Node unable to join cluster

komdat

New Member
Jun 6, 2011
14
0
1
Hi,

I have a Proxmox 2.1 cluster up and running for 2 Months. The last days I added a few nodes, and now the last one (the 11th) is not able to join the cluster. Network is fine, system clocks match, the other ten are running flawless. They're all blades devided up in 2 bladecenters which are connected to the same managed switches.

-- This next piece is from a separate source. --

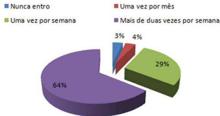
Figura 2: Percentual do uso das redes sociais

Em relação às ferramentas disponíveis nas redes sociais, predominou o uso de mensagens instantâneas (30%), seguido de fotos (28%) e publicações no mural (16%) (Figura 3). Isso mostra que a comunicação ainda é o foco dos idosos.

I've already tried rebooting, removing the node and rejoining, joining at another node, etc.

When I'm trying to add the node I get this:
Code:
can't create shared ssh key database '/etc/pve/priv/authorized_keys'
copy corosync auth key
stopping pve-cluster service
Stopping pve cluster filesystem: pve-cluster.
backup old database
Starting pve cluster filesystem : pve-cluster.
Starting cluster: 
   Checking if cluster has been disabled at boot... [  OK  ]
   Checking Network Manager... [  OK  ]
   Global setup... [  OK  ]
   Loading kernel modules... [  OK  ]
   Mounting configfs... [  OK  ]
   Starting cman... [  OK  ]
   Waiting for quorum... Timed-out waiting for cluster
[FAILED]
waiting for quorum...
I've waited for a really long time (>30 min), but nothing happens any more at this point.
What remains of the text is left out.